## What is being asked
Whatever precedes the line containing "艾摩贝贝2025秋中大女童休闲气质甜美蕾丝花边拼接打底衫字母上衣" is not copied; that line and every line after it through the final one below are copied exactly, except pictures.

## Data extract
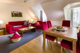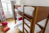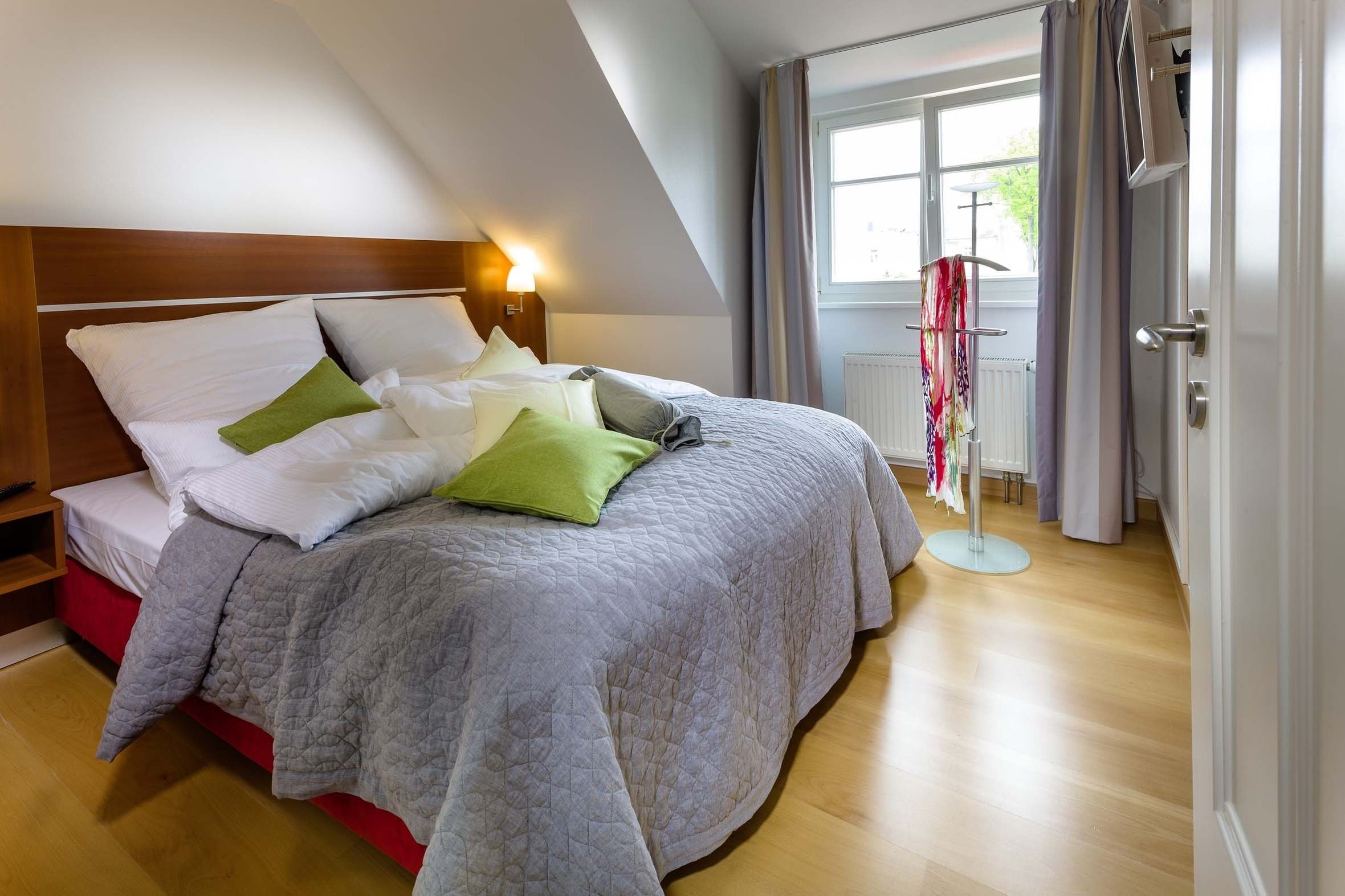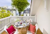 Ihre Ferienwohnung 32RB7 ist liebevoll eingerichtet mit gemütlicher Sitzecke im Erker sowie einem über die Küche erreichbaren Balkon von dem Sie einen kleinen Meerblick haben. Die Wohnung befindet sich im 2.Obergeschoß, hat eine Größe von ca. 98 qm und ist bis 6 Personen belegbar. Neben dem schön eingerichteten Wohnraum gibt es eine separate Küche, zwei separate Schlafräume, ein Badezimmer mit Waschtisch, Dusche und WC sowie eine separate Gästetoilette.Zur Ausstattung der Wohnung gehört außerdem ein Safe. In einem Schlafraum befindet sich ein Doppelbett und ein Kleiderschrank. Der zweite Schlafraum verfügt über ein Doppelstockbett. Im Wohnbereich finden Sie eine gemütliche Sitzgruppe mit Schlafsofa, Essplatz, TV und Telefon. Die Küche ist mit Geschirrspülmaschine, Ceranfeld, Backofen, Kühlschrank und diversen Kleingeräten komplett ausgestattet. Ein PKW-Stellplatz steht Ihnen direkt am Haus zur Verfügung.
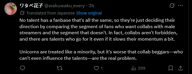 >>110925510>they can be vulgar and dumbBecause we don't really care about that, there is nothing on the different unicorn definitions that says that you have to moderate your language or anything like that.But it's a zero sum game. If you homocollab it's over, anything you did over the past is suddenly worthless, or worse, revisioned. Only Mori and Kronii have recovered their reputation but that was shock therapy more than anything
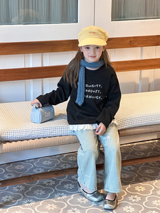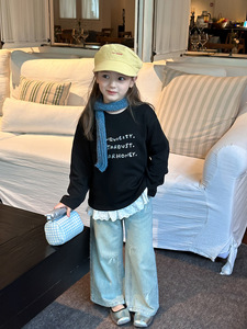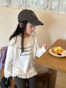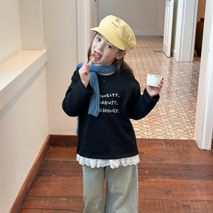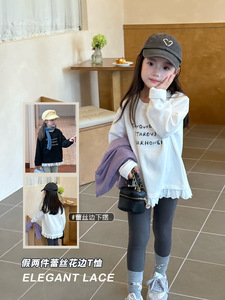 艾摩贝贝2025秋中大女童休闲气质甜美蕾丝花边拼接打底衫字母上衣
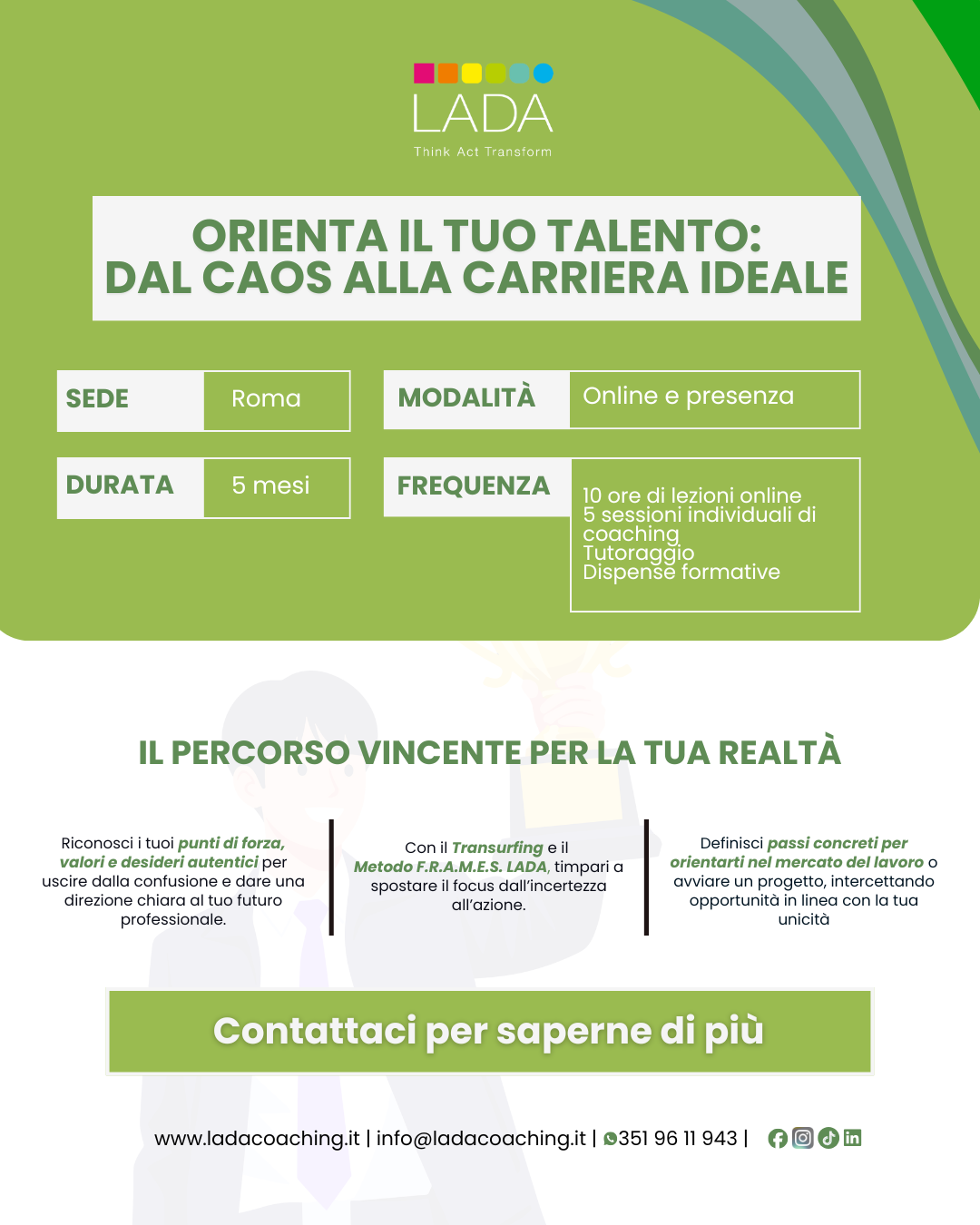 È un percorso di orientamento e riprogettazione professionale che integra Transurfing e Metodo F.R.A.M.E.S. di LADA Coaching, per passare dal “non so da dove cominciare” a un progetto di carriera concreto e allineato a chi sei.

## Exercise answer
 艾摩贝贝2025秋中大女童休闲气质甜美蕾丝花边拼接打底衫字母上衣
 È un percorso di orientamento e riprogettazione professionale che integra Transurfing e Metodo F.R.A.M.E.S. di LADA Coaching, per passare dal “non so da dove cominciare” a un progetto di carriera concreto e allineato a chi sei.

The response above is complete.